**TASK PROMPT**:
Below are some entries. Repeat exactly the lines from the one with "Salmão fresco grelhado, kani, cream" through the one with "いろいろな光や色、かたちがわ", and only those.

**EXCERPTED DATA**:
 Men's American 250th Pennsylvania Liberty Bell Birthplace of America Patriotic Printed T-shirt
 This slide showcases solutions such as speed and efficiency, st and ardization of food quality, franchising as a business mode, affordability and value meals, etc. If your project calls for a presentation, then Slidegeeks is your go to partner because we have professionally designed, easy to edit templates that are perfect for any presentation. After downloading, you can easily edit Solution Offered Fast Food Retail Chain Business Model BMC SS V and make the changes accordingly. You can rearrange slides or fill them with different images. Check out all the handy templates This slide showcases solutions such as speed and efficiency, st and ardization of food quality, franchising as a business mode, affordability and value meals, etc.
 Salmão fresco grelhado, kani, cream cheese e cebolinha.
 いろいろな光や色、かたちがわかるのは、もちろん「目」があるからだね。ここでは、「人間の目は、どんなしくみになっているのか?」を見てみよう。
...
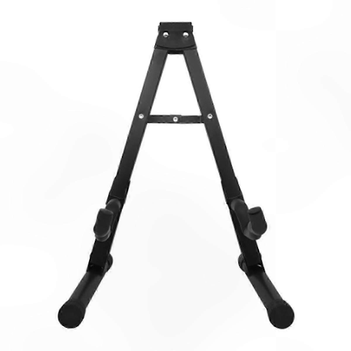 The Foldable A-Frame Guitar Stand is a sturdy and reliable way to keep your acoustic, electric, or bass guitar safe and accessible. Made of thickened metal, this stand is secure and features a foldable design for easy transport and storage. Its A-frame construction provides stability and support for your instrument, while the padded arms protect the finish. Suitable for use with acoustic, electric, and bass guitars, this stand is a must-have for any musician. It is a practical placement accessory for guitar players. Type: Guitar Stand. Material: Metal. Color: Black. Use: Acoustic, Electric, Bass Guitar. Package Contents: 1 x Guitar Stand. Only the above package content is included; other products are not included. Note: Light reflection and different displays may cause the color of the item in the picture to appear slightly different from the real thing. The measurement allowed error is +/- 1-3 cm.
...
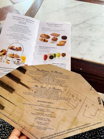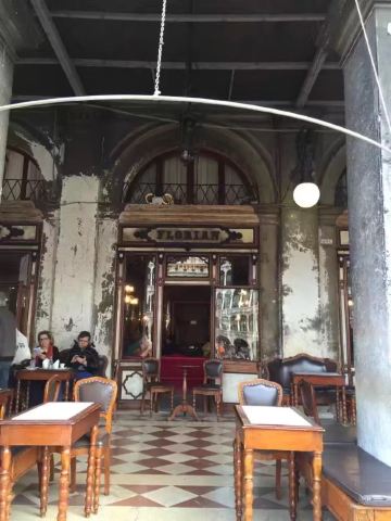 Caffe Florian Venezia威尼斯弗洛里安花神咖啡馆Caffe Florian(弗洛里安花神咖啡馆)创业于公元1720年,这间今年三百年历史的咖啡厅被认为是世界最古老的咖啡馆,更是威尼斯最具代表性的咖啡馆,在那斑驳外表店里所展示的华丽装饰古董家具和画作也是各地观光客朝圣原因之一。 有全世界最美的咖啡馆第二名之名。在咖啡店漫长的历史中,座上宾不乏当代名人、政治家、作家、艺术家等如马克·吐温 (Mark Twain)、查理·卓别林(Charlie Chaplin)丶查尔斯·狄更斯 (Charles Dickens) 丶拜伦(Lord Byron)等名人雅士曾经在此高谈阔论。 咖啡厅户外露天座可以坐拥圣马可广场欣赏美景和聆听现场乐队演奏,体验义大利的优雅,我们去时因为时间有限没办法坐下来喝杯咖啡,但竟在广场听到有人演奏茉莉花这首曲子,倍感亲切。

**OUTPUT**:
 Salmão fresco grelhado, kani, cream cheese e cebolinha.
 いろいろな光や色、かたちがわかるのは、もちろん「目」があるからだね。ここでは、「人間の目は、どんなしくみになっているのか?」を見てみよう。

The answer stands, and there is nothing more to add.